Question

Which property is illustrated by the following statement?
$(16 + 18) + 20 = (18 + 16) + 20$

Answer 1

Hint:
Observe the two sides of the equation. Find the difference. We can see the only difference is $16 + 18$ and $18 + 16$. Thus we can identify that the commutative property is used here. Explain the commutative property of addition in general.

Complete step by step solution:
Given that $(16 + 18) + 20 = (18 + 16) + 20$
The only difference we can see on both sides of the equation is the order of the numbers, $16$ and $18$.
Subtracting $20$ from both sides we get,
$16 + 18 = 18 + 16$
This addition of two numbers does not depend on the order in which they are written.
This property is called Commutativity.
Commutative property of addition states that changing the order of addends does not change the sum.
In general we can say that, for any two numbers $a$ and $b$, $a + b = b + a$.
This property can be extended to any number of terms apart from binary addition.
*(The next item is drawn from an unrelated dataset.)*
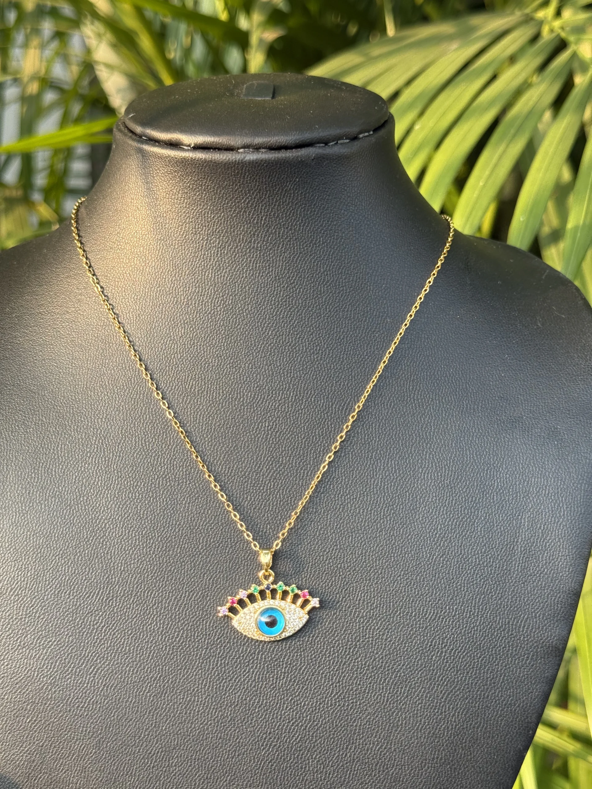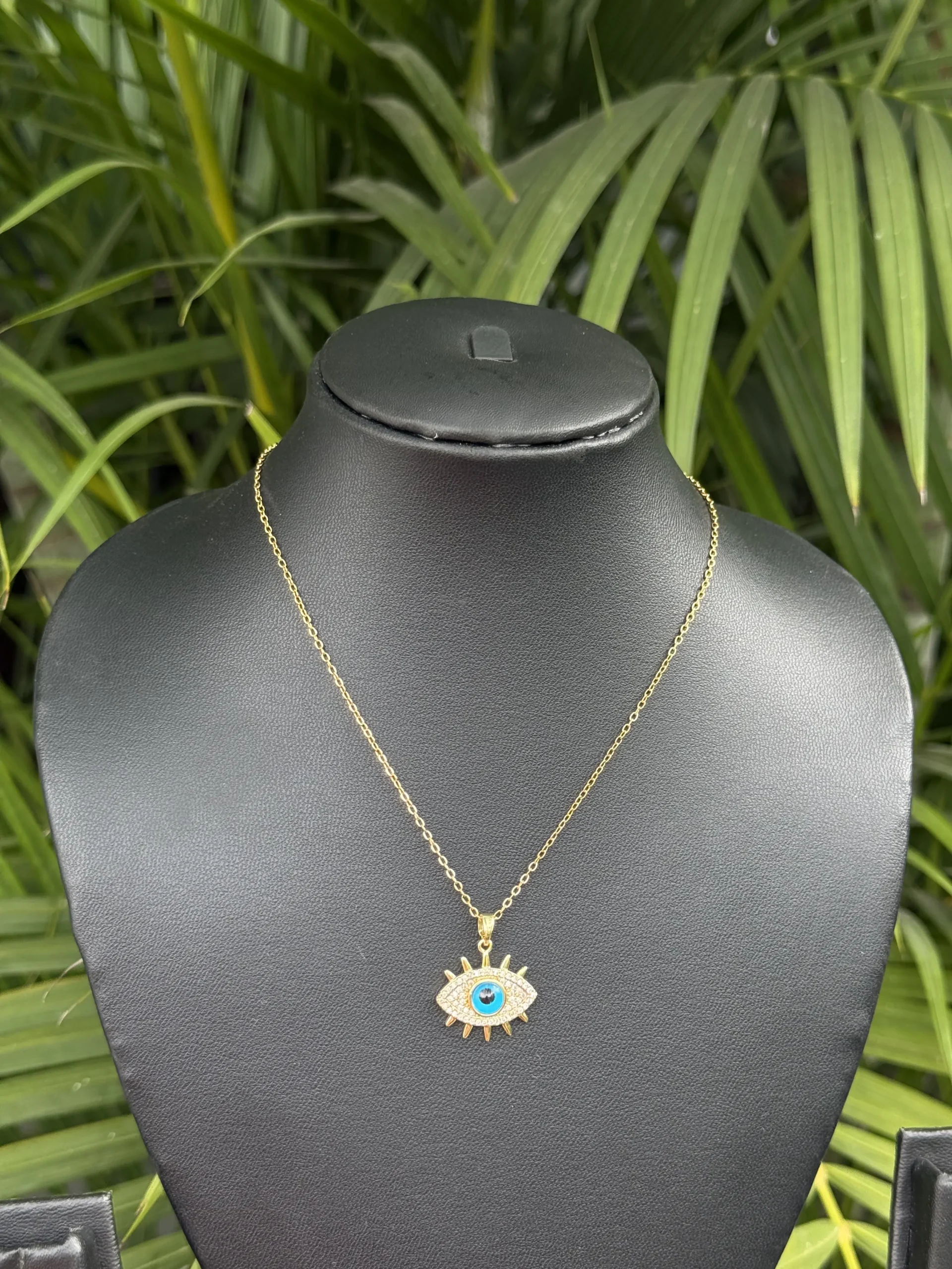 A sleek stainless steel neckpiece featuring a protective Evil Eye pendant. Anti-tarnish | Sweat & Water Proof for lasting shine and strength.
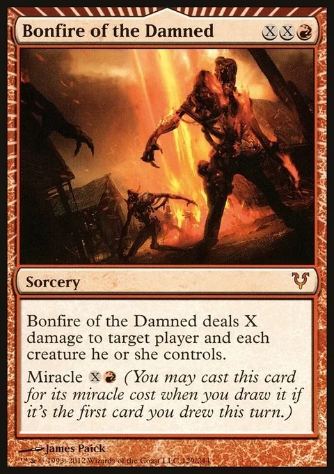 Bonfire of the Damned deals X damage to target player or planeswalker and each creature that player or that planeswalker's controller controls. Miracle {X}{R} (You may cast this card for its miracle cost when you draw it if it's the first card you drew this turn.)

Therefore the answer is Commutative property.

Additional information:
Commutative property is also applicable in case of multiplication. We know that for any two numbers $a$ and $b$, $a \times b = b \times a$.
But it does not hold in case of subtraction and division.
We have $a - b \ne b - a$ and $\dfrac{a}{b} \ne \dfrac{b}{a}$ in most cases.
But there are exceptional cases as well. If $a$ and $b$ are equal, then $a - b = b - a = 0$ and $\dfrac{a}{b} = \dfrac{b}{a} = 1$.
Commutative property, associative property and distributive property are the three fundamental properties defined for any binary operation.

Note:
Don’t confuse commutative property with associative property. Associative property is used when there are three numbers and the operations are the same. It states that $a \times (b \times c) = (a \times b) \times c$, for some operation $ \times $.